Che i bambini siano predisposti a russare si sa. Vie respiratorie più ristrette da un lato, tonsille e adenoidi ingrossate dall’altro fanno sì che fino a sei anni sia fisiologico sentire rumori notturni durante il sonno dei figli. Soprattutto quando sono raffreddati. Ma ci sono altri motivi: genitori fumatori, allergie, disagio socio-economico e umidità. Quando il russamento diventa un problema sul quale intervenire? A spiegarlo è Claudio Vicini, primario del reparto di Otorinolaringoiatra a Forlì, esperto tra le altre cose di disturbi del sonno nei bambini. Sono 300 quelli che opera ogni anno: “Parliamo di apnea quando l’interruzione della respirazione dura almeno 10 secondi.
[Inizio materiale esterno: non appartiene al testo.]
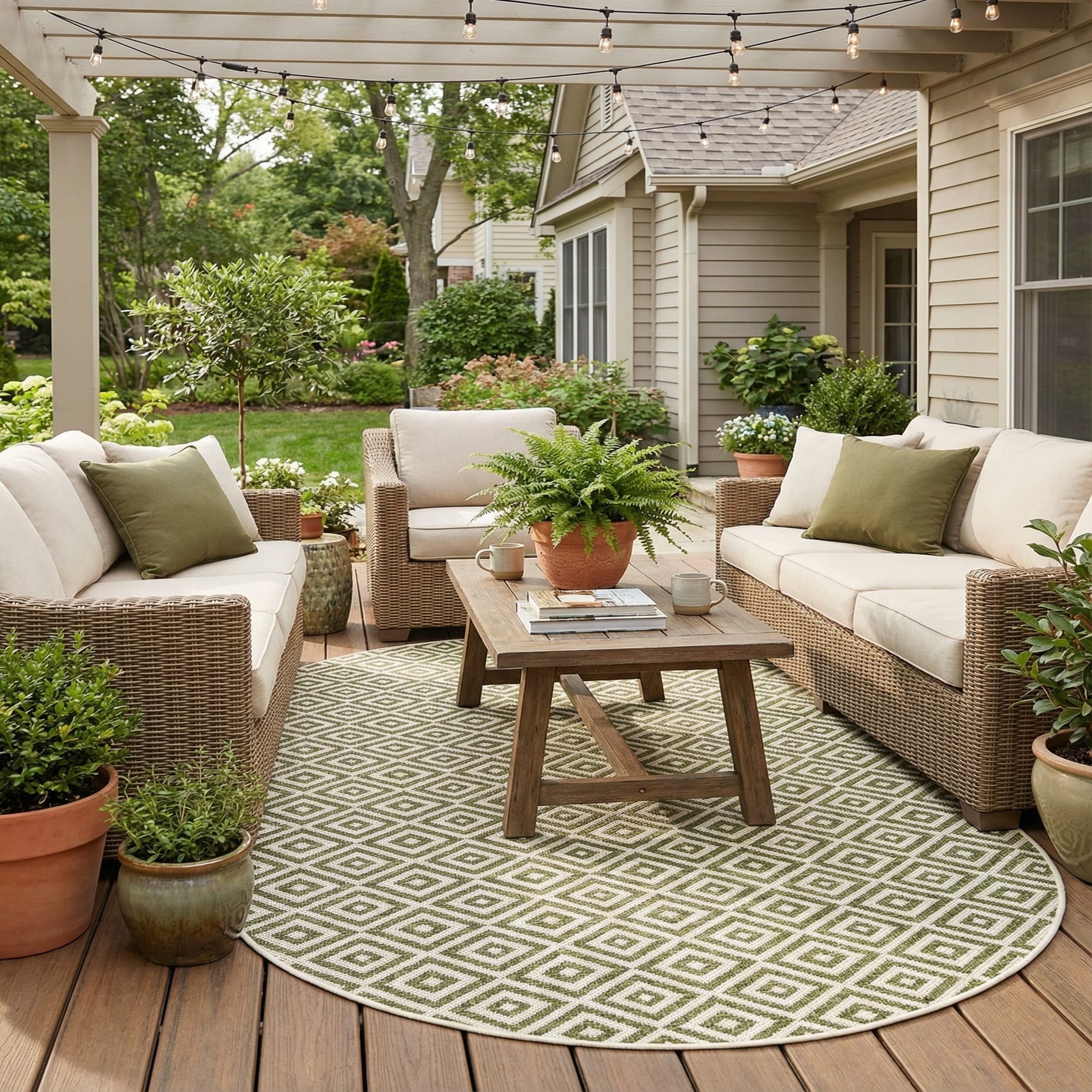 Primary color is Green. Colors in this rug include: Green, Ivory.

Quando le apnee sono superiori a tre ore di sonno, cominciamo i guai”. Ad attivare il primo campanello di allarme sono in genere i genitori, che poi passano la palla al pediatra di libera scelta. Il quale a sua volta delega il problema ad un centro specializzato, come appunto quello forlivese. “La nostra prassi è fatta di step – precisa Vicini -. Prima di tutto un esame clinico e un esame fibroscopio, che consiste nell’introdurre un tubicino nel nasino. Poi somministriamo dei questionari ai genitori, infine passiamo alla registrazione del sonno”. A consentirla è il pulsiossimetro, che registra quanto cala l’ossigeno nel sangue durante le apnee: “Solo eccezionalmente ricoveriamo il bambino. Il più delle volte l’apparecchio viene dato a casa”.
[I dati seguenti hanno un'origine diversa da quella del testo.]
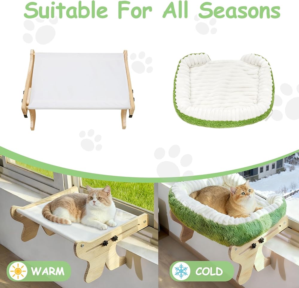 ثنائي الأغراض: يمكن تعليق مجثم النافذة هذا أو تثبيته على حافة نافذة الشقق أو المنازل الصغيرة، مما يوفر مساحة مشتركة أو خاصة للأسر الفردية أو متعددة القطط. يمكن أيضًا تعليقها أو تثبيتها بجانب السرير لترافقك أثناء الراحة والنوم. عند إزالته من النافذة، يمكن أيضًا وضعه على الأرض، حيث يعمل كسرير للقطط، أو بيت للقطط، أو شقة للقطط، أو أرجوحة للقطط، أو أريكة للقطط، أو سرير للقطط.
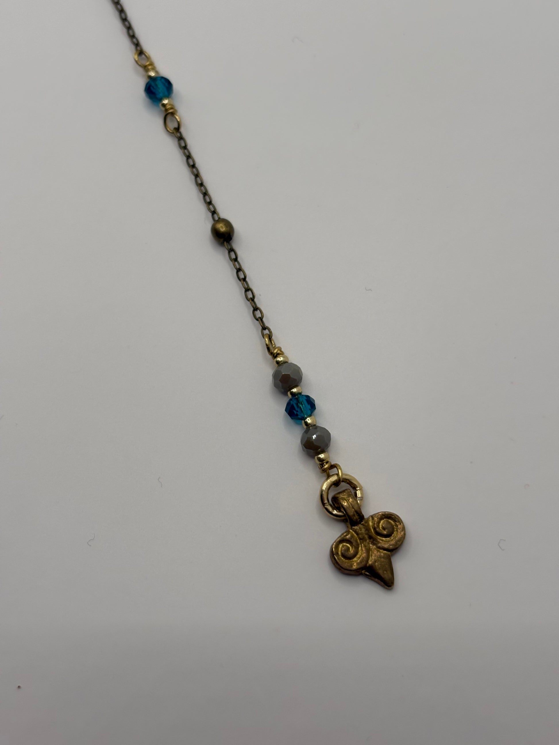 Un ciondolo centrale che ricorda un giglio o uno stemma regale, interamente realizzato a mano partendo da una lastra in ottone. Ogni dettaglio è unico, ogni pezzo è diverso, con piccole imperfezioni che lo rendono autentico, irripetibile e profondamente artigianale.
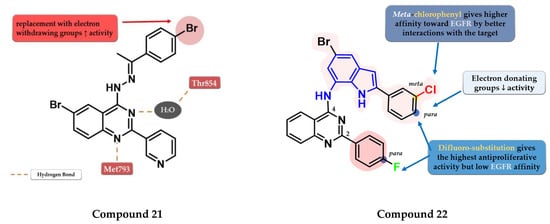 Ahmed et al. synthesized a novel series of 6-bromo-2-(pyridin-3-yl)-4-substituted quinazolines as potential dual EGFR-HER2 inhibitors. The 4-bromo-phenylethylidene-hydrazinyl compound 21 (Figure 13) displayed the highest inhibitory activity toward EGFRwt (46.1 nM) comparable with that of lapatinib (53.1 nM). The para-substitution of the phenyl moiety with various EWGs (-Cl, -Br, -F, and -SO2CH3) led to higher inhibitory activity compared to electron-donating groups (-CH3 and -OCH3). In vitro testing revealed an increased cytotoxic activity toward MDA-MB-231 cells compared to the reference drug lapatinib (Table S1) [127].

INTERVENTO COL METODO DELLA “PRUGNA”
Una volta acquisiti tutti i dati, si decide il da farsi: “Le ipotesi sono tre: non fare nulla, trattare il bambino farmacologicamente con lavaggi e cortisonici intranasali. Infine, intervenire chirurgicamente”. E qui Forlì è all’avanguardia: da due anni e mezzo al Morgagni-Pierantoni si utilizza il microdebrider, una tecnica che evita nel post-operatorio sanguinamento, dolore, difficoltà a deglutire. “Facciamo finta che la tonsilla sia una prugna. Prima, con il metodo classico, veniva staccata del tutto e il muscolo della gola veniva così denudato. Adesso, invece, è come se togliessimo il nocciolo e la polpa ma lasciassimo attaccata al muscolo la buccia esterna”. E’ così che vengono operati i piccoli pazienti, che partono sempre da due anni di età e venti chili di peso: “Entrano la mattina e, nel caso di asportazione delle tonsille e delle adenoidi, restano una notte con un genitore. Se asportiamo solo le adenoidi, la sera tornano a casa”. E il recupero non dura più di tre o quattro giorni.
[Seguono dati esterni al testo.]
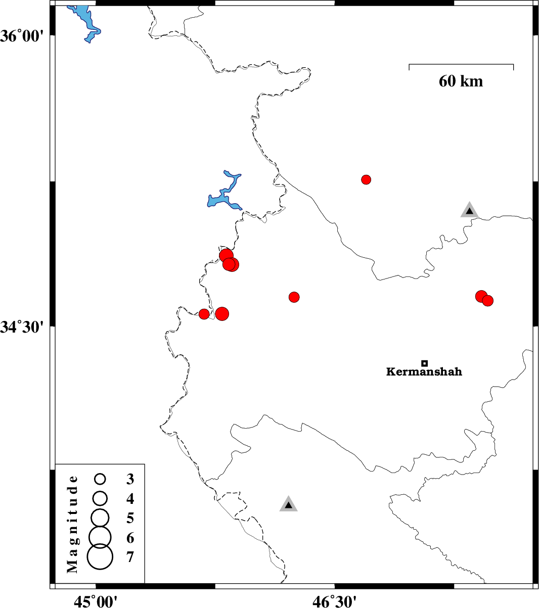 | 2018/04/30 | 22:13:37.9 | 02:43:37.9 | 34.866 | 45.819 | 15 | ML:4 | Kermanshah Province, 12 km North of Tazehabad |

NIENTE PAURA, CI SONO RICO E VERATA
Come preparare i pazienti ad uno degli interventi più praticati ma anche più temuti? Forlì ha pensato ad una pubblicazione, “L’avventura di Rico e Verata”, una vera e propria favola, scritta dall’architetto Alessandro Savelli, autore di numerosi libri per l’infanzia, che narra di due piccoli compagni di giochi che si trovano ad affrontare insieme l’esperienza del ricovero ospedaliero per essere sottoposti ad un intervento di asportazione delle tonsille. Ma non c’è solo questo: “Nel nostro reparto – conclude Vicini – mamme e papà possono andare in sala operatoria con i loro figli”.